→ **PROBLEM STATEMENT**
Return the lines that run from the line containing "Description: Picture made" through the end of the entries, both ends included. Leave out all pictures.

→ **Items from a dataset**
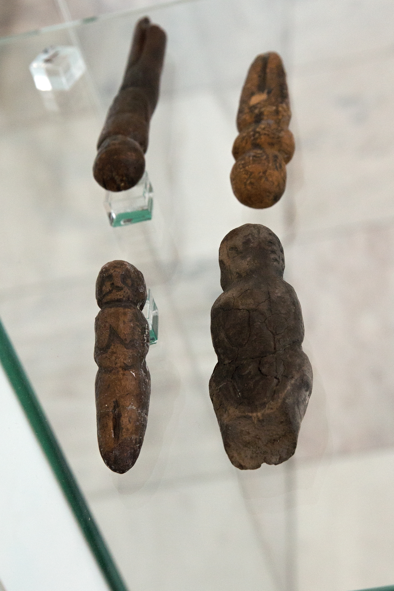 Upper Paleolithic art: (7) Figurines from Malta in Siberia. Probably replicas. Anthropos Pavilon, Brno.
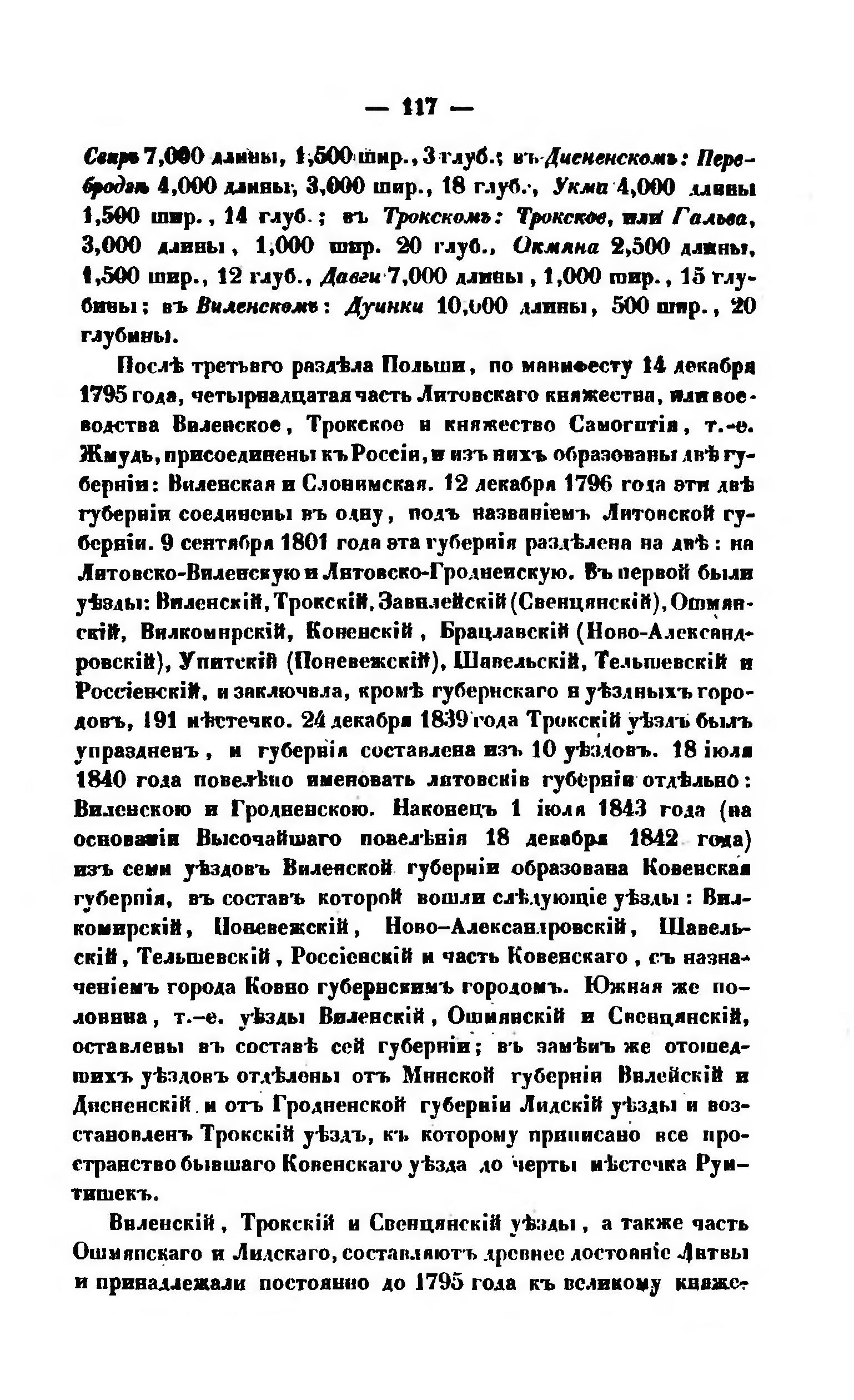 a page from the book "Этнографический сборник, издаваемый Императорским Русским географическим обществом". Вып. III. (1858)
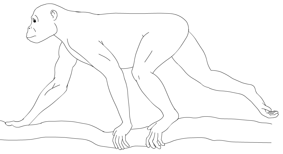 Description: Picture made by mateus zica in October 2005 Mateus Zica Wikipedia User Page is: This image is free to use in anywhere. If you gonna use it ,just send me a email telling me where its gonna be used.Thanks. Source: Mateus Zica
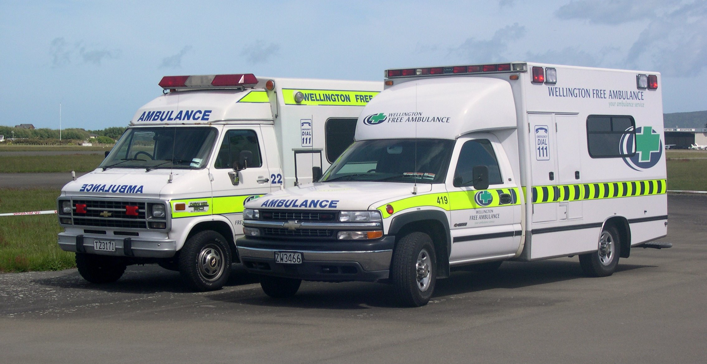 More photos at
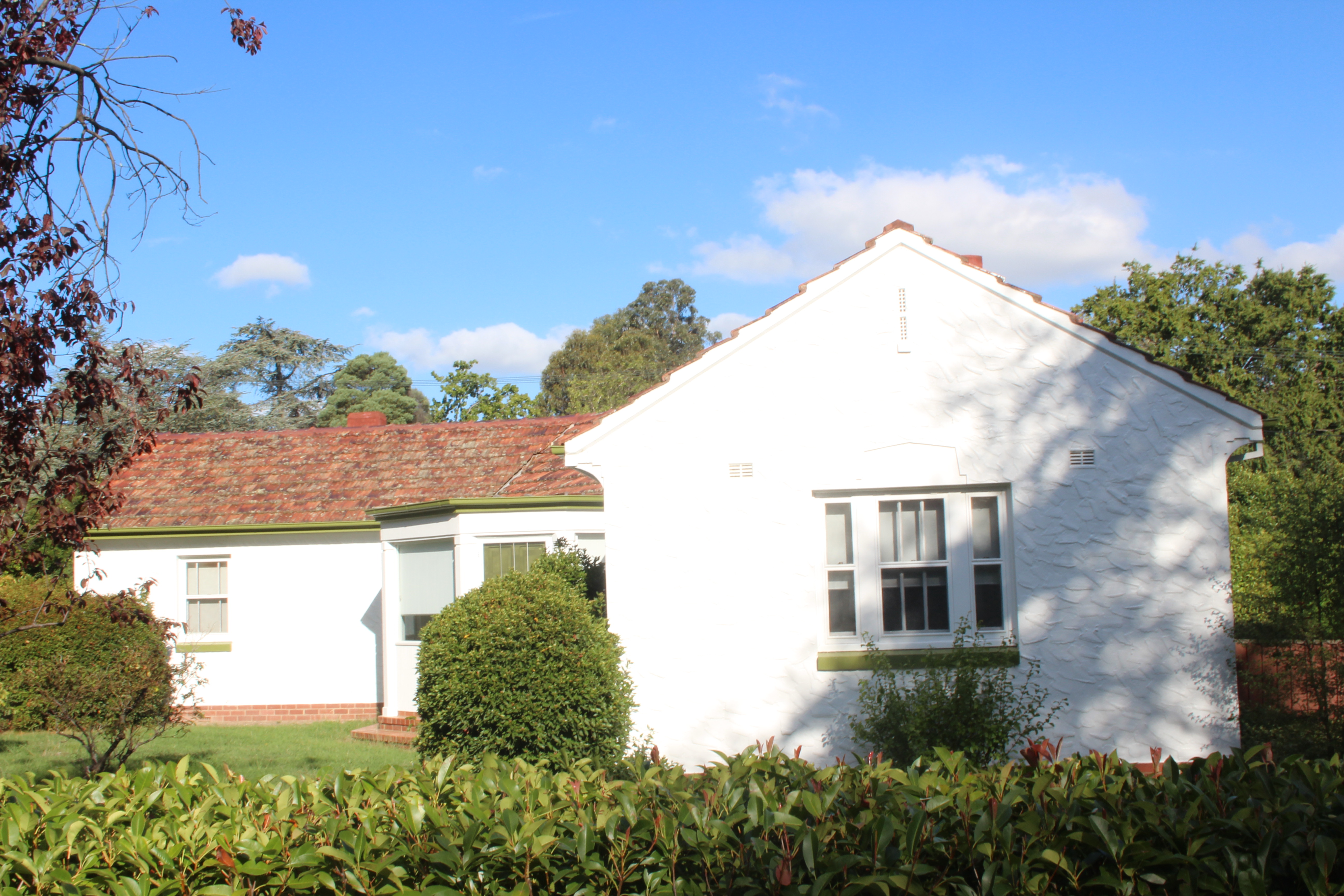 Reid Housing Precinct house

→ **EXERCISE SOLUTION**
 Description: Picture made by mateus zica in October 2005 Mateus Zica Wikipedia User Page is: This image is free to use in anywhere. If you gonna use it ,just send me a email telling me where its gonna be used.Thanks. Source: Mateus Zica
 More photos at
 Reid Housing Precinct house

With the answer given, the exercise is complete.